According to Hildebrandt, thunderstorm warnings indicate hail greater than the size of a quarter exists, as well as winds greater than 58 mph. The possibility of tornadoes and lightning exists as well.
Tornado watches are issued when the conditions are favorable for tornadoes to exist and precede a tornado warning. Tornado warnings are issued when a tornado has been sighted in the area.
Hildebrandt said it is imperative students take each of these warnings seriously.
“One of the things about tornado warnings is that the National Weather Service will issue a warning, but, with the technology of the day, they can’t always see where a tornado is going to strike,” Hildebrandt said. “They won’t necessarily be able to pinpoint where a tornado is going to happen or if it will happen. It’s best to err on the side of caution.”
Hildebrandt said there are a few key rules to remember in case of a tornado.
“Don’t wait for the sirens to go off before you seek shelter. If there is a tornado warning, seek shelter. If you have a basement or storm cellar, those are the best places to go,” Hildebrandt said. “You want to be in the interior of your basement or your cellar. Under a workbench, under a stairwell is a very good place to go. Stay away from windows by all means. Also, during a tornado warning, do not run outside and try to see the tornado.”
Bathrooms are also safe areas to seek refuge from a storm, according to Hildebrandt.

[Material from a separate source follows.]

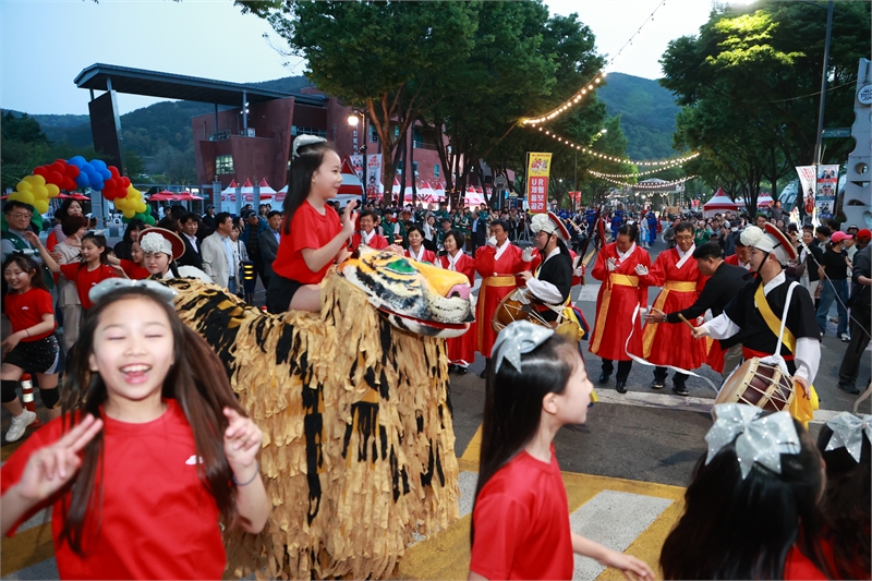 무장 의병과 관군 복장을 한 퍼레이드 참가자들과 출정 깃발들이 보무도 당당하게 전진하고 있다.

“[Bathrooms have] plumbing that runs through the wall, so it’s actually reinforced,” Hildebrandt said. “In the bathroom during a tornado event, take the shower curtain or a mattress, lie down in the bathtub, and pull it over you because you don’t want debris landing on you.”

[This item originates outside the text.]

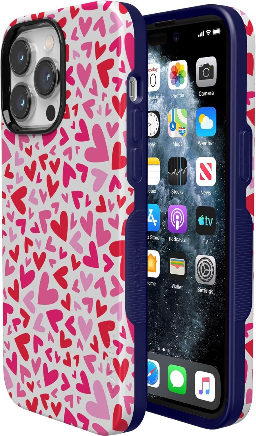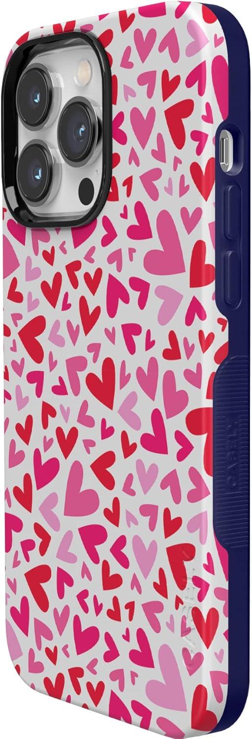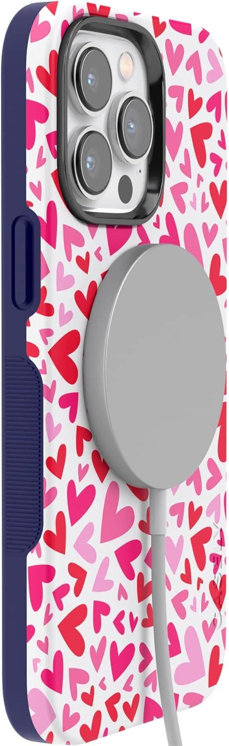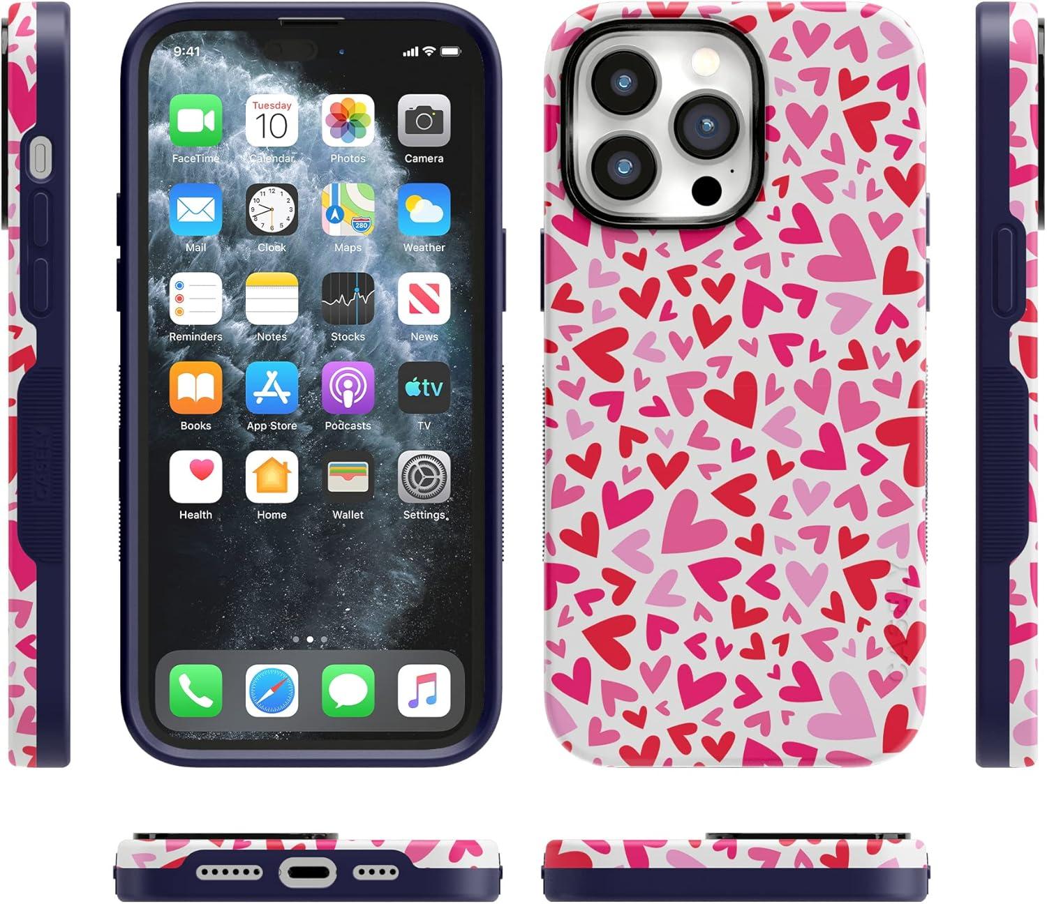 Casely iPhone 14 Pro Case | Opposites Attract | Day & Night Mountains | Compatible with MagSafe | Bold Protective Design(XOXO | Pink Candy Hearts)

If getting to a building is not possible, Hildebrandt said safety can be found outdoors.
“If you are stranded outside, you want to get as low as you possibly can. Lie in a ditch, and cover your head,” Hildebrandt said. “You want to be as low as you possibly can both for lightning and also because you want to be able to avoid flying debris.”
The underpasses on the bike trail might also be a safe option in some situations when looking for shelter, Hildebrandt said.

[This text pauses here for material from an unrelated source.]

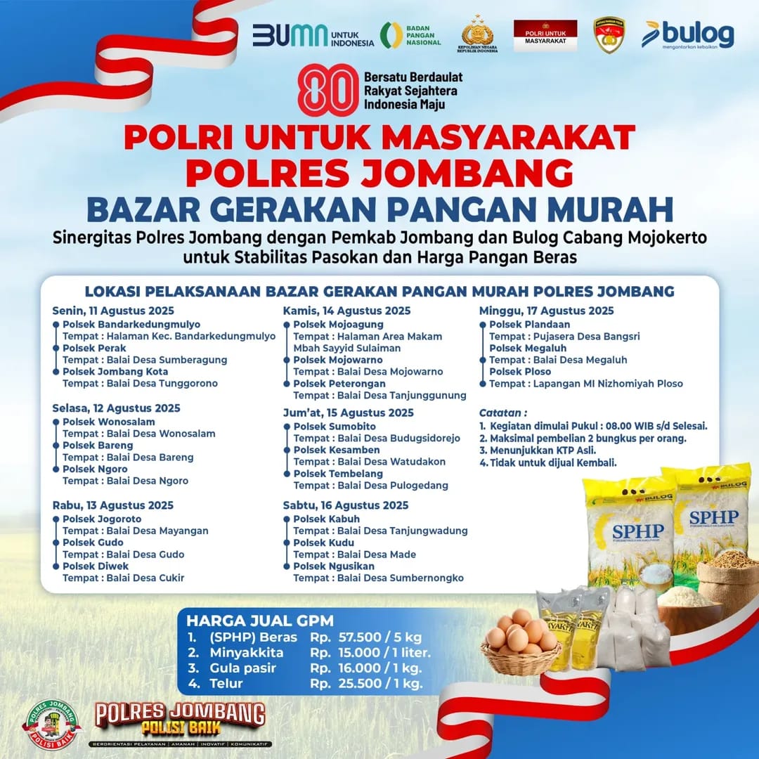 “Bazar murah ini adalah wujud nyata sinergi Polri, Pemkab, dan Bulog dalam membantu masyarakat. Kami ingin memastikan bahan pangan pokok dapat diakses dengan mudah dan terjangkau oleh warga Jombang, terutama menjelang peringatan Hari Kemerdekaan Republik Indonesia,” jelas AKP Kasnasin.

“If you have nowhere else to go, it actually probably is a good place to go,” Hildebrandt said. “The only thing I would be worried about would be flooding. Also, if winds got very, very strong, and if there was a tornado in the area, the one danger you could run into is if a tornado were to go close by, there’s a potential that one of those areas could actually work like a wind tunnel and the wind could get accelerated or you could get sucked out. If I were in one of those tunnels, I would simply lie down or get as close to the wall as I possibly could. Personally, I would feel safe there.”
During storms that include lightning, Hildebrandt said students should not only be worried about their safety, but also their schoolwork saved on laptops.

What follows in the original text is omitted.